Nearly two months after she first complained, the prison issued Mr. Hellman a cease-and-desist letter. (Hallelujah!)

But he did not cease. Nor did he desist. He continued with the offensive posts for another month before he finally took down his Instagram page.

According to Dr. Okonowsky, Mr. Hellman’s conduct and the lack of a curative response drove her to leave the prison in search of a different job. I doubt any of you are surprised by that.

Four lessons in evaluating claims of harassment

Dr. Okonowsky filed a lawsuit asserting a single claim of sexual harassment in violation of Title VII.

After discovery was complete, a federal court entered summary judgment for the government and dismissed Dr. Okonowsky’s claims.

The court limited its consideration of Dr. Okonowsky’s evidence to five posts that the court concluded were targeted at her because of her sex.

Having limited its review to those five posts, the court then concluded that all five “occurred entirely outside of the workplace” because they were made on Mr. Hellman’s personal Instagram page and none were sent to Dr. Okonowsky, displayed in the workplace, or discussed with her in the workplace without her consent.
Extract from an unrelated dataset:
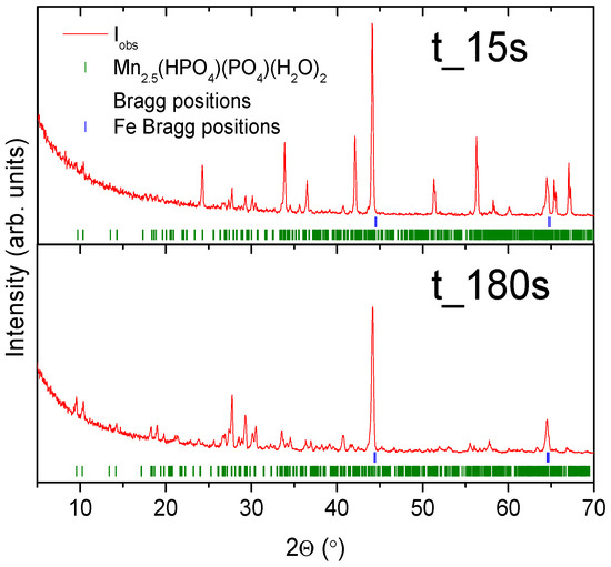 XRD patterns for the samples t_15s and t_180s. Solid red lines are the measured patterns, the green tickmarks correspond to the Mn2.5(HPO4)(PO4)(H2O)2 phase, and the blue tickmarks correspond to iron.

Based on those findings, the court concluded that the five posts did not amount to severe or pervasive harassment in the physical workplace.

Dr. Okonowsky appealed, and the U.S. Court of Appeals for the Ninth Circuit reversed the dismissal.

The reversal provides valuable lessons for evaluating claims of harassment in a world where anyone can broadcast just about anything via social media platforms:

  • Lesson No. 1: Harassment claims must be evaluated based on all the relevant circumstances, which can include conduct that does not expressly target the plaintiff. In other words, all of Mr. Hellman’s sexist posts should have been considered, not just the ones targeted at Dr. Okonowsky.
  • Lesson No. 2: The “relevant circumstances” can include evidence of non-sexual conduct directed at the plaintiff. That means Mr. Hellman’s posts that were intimidating or retaliatory also should have been considered.
  • Lesson No. 3: The “relevant circumstances” are not limited to conduct that occurs in the physical workplace. As the Ninth Circuit concluded, this is especially true “in light of the ubiquity of social media and the ready use of it to harass and bully both inside and outside of the physical workplace.” As a result, it was no defense that Mr. Hellman posted while off duty and did not post in the workplace.
  • Lesson No. 4: The relevant standard for assessing the circumstances is whether the harassing conduct has an unreasonable effect on the working environment. As the court explained, “even if discriminatory or intimidating conduct occurs offsite, it remains relevant to the extent it affects the employee’s working environment.”

You’re not your brother’s keeper . . . except when you are.

What employees do during their “off” time is their business. But when that conduct creeps (or blasts) its way into the workplace and creates a hostile environment, employers cannot turn a blind eye to it or dismiss it as off-duty conduct beyond their control.